Wayde, obviously we don't know each other, but I have spent a LOT of time being educated in the sciences!  I am way more familiar with concepts like "covalent bonds" than I care to be!  Frankly it just takes up space in my brain that could be used for other things, like where I left my keys!  Anyway...

Atoms are mostly empty space.  And even "pure" substances such as gold (the carat weight is irrelevant, by the way) aren't just atoms sitting around.  They still form molecules, sometimes quite complex ones.  A molecule of gold looks like this, for example:



And a graphite molecule looks like this:



How a molecule behaves is determined by its structure and shape.  Diamond and graphite are made of the same atoms, for example, but their molecules are very different, and therefore the substances behave differently.  Just try giving your wife a graphite ring and you'll see what I mean! 
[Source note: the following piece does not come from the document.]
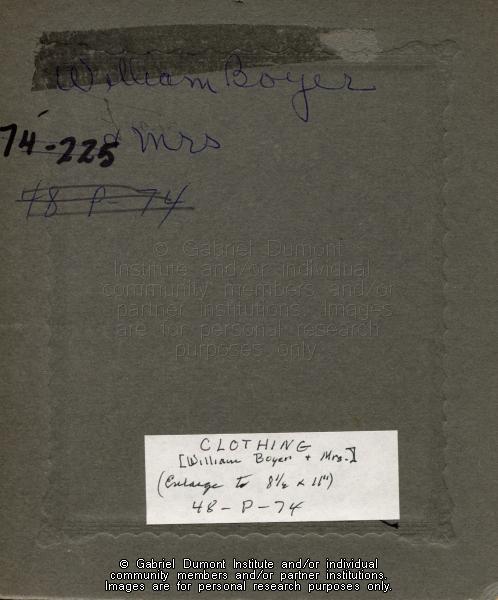 | Description: | Back of photograph of Mr. and Mrs. William Boyer. This image has been graciously provided by the Duck Lake Regional Interpretive Centre for use on this website. It is available for research purposes only. The reproduction of this image in whole or in part is strictly prohibited without the permission of the copyright holder. |

The interaction between these shapes is what we call chemical reactions.  In organic molecules, such as proteins, changing the shape -- and therefore function -- of a molecule, such as a protein, is called denaturing it.  You denature protein every time you fry an egg, changing the albumin from a clear liquid (well, more or less) to a white solid.  But I'm getting off track.

The point is that there is a tremendous amount of empty space in what we call "solid matter."  In fact it is mostly empty space.

But still none of this really explains Nightcrawler's fear of teleporting into a solid object!